So with that in mind, I'm curious to know if others have any REAL experience with these? I'm not sure if it's a total boat anchor and not worth the $$$ or with the usual upgrades to bars/stem/post/der this is a nice bike. Got most of the upgraded parts already on her 20" hotrock or in the parts bin so it's really a question of decent platform to improve on or keep looking for a quality hardtail. I have zero point of reference on this bike.


----------



## sanjuro (Sep 29, 2004)

Well, you have to consider is what kind of riding does your kid need a full suspension bike?

He is riding through rock gardens? Or doing drops?

The suspension on that bike is low grade, although I'm not a 65lb kid. I sold a few at my shop, but I always thought it was a boondoggle for richies.

On the other hand, one of my buddies' kids is doing 2 foot drops and skate parks, and the problem is finding a quality bike for a 7 year old. I advised him to get a quality bmx bike for the durability.


----------



## texacajun (Jan 20, 2004)

There's pretty much no such thing as a trail without rock gardens in Central Texas aka the hill country.  Even the kids XC race courses here are full of rocks. Every kid is racing on a hardtail, but that's really all that's on the market these days. 

Honestly I guess I was looking for what you're saying...rich kid boondoogle so the model died or just no market but a quality product. Which is other's experience?

And don't knock the rich kid gettin' a bike he rides twice. That's been the source of every craigslist bike my kid has used the daylights out of. One income for almost 3 years, it's been how I keep my kid in smiles.


----------



## Aresab (Mar 27, 2007)

I believe you're right, the FSR model retailed just under $700, you can't go wrong with $250 or so, especially if it's mint. A new low-end Specialized will cost you $320 + or -.


----------



## imero (Aug 6, 2011)

Texacajun. I'm in Austin and the same listing caught my attention. I think it's a good deal.
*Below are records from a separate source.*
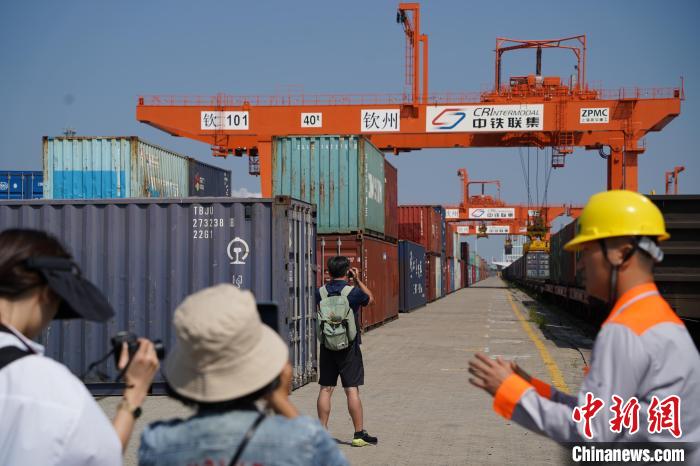 5日,“走進壯美廣西·探尋向海之美”兩岸媒體人聯(lián)合采訪活動來到位于廣西欽州的欽州鐵路集裝箱中心站和北部灣港欽州自動化集裝箱碼頭。作為西部陸海新通道的重要節(jié)點,欽州的樞紐通道優(yōu)勢越發(fā)凸顯。在鐵海聯(lián)運新模式下,來自泰國、新加坡等“一帶一路”沿線國家和中國西部地區(qū)的貨物在這里實現(xiàn)“下船即上車,下車即上船”。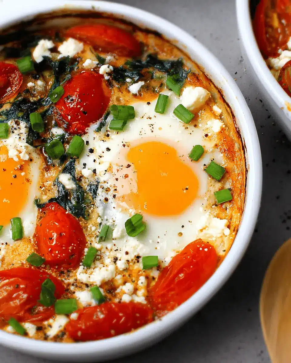 Absolutely! Mediterranean Baked Feta Eggs are perfect for meal prep. You can assemble the dish ahead of time by preparing the vegetable base and crumbling the feta. Just store it in the fridge for up to two days. When you’re ready to eat, crack in the eggs and bake! You can also make individual servings in small baking dishes for quick grab-and-go breakfasts.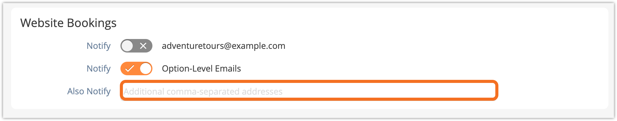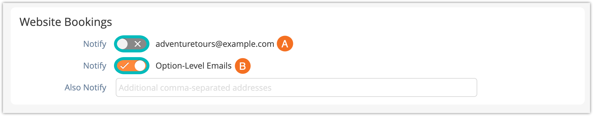 Front-end and point-of-sale booking alerts will be sent to recipients set at the option level, too.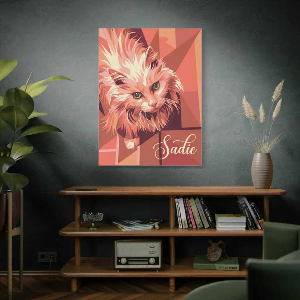 This striking geometric pop art composition commands attention, a vibrant, modern take on portraiture. Sadie's bold presence and verdant gaze would undoubtedly captivate in any prestigious exhibition.

My 6 year old currently rides a 20" Hotrock. Unfortunately, I think he's still several years away from a 24". I'm going to wait and then see what's out there.

Good luck.


----------



## scottb32 (May 14, 2009)

*I got my kid the A1 FSR...*

...and when I got it for $459, thought it was a little expensive. After the last year and a half, I'm realizing it was a good decision. In other words - the bike rocks!

I put a 20" wheel on back while he was 7 (see attached photo). This helped a ton in getting the standover down. I also put a 128mm crank on it. We got in 6 single-track rides last year - and he was okay (the trails up here are jungles w roots/rocks/mud). The rear susp allowed him to sit and spin.

Now that he's 8, I put the 24" wheel on and he's hitting mid-level trails. Out at our local mtnbike/bmx/skills track (Duthie Hill) - he's really starting to shine. He's hitting the singletrack and skill-trails, and most importantly, he's riding alot (1 - 2 hours with short breaks) - and having fun. For kids, if you want them to have fun on bumpy trails, full-bounce definitely helps (imo).

One note on weight: his fsr weighed 28.5 lbs (iirc) out of the box. His stock, alum 20" 7 speed alum schwinn weighs 34 lbs. So - this bike is very light in comparison (the A1 FS weighed 25.2 at the shop iirc).

So far, I've got his fsr down to 24.5 lbs (just put on a fox 80mm fork up front - schwinnng! - and am running 1x8 gearing). Still looking for a TI bb in 68 x 113...funny how you start lusting after parts for your kid's bike?


----------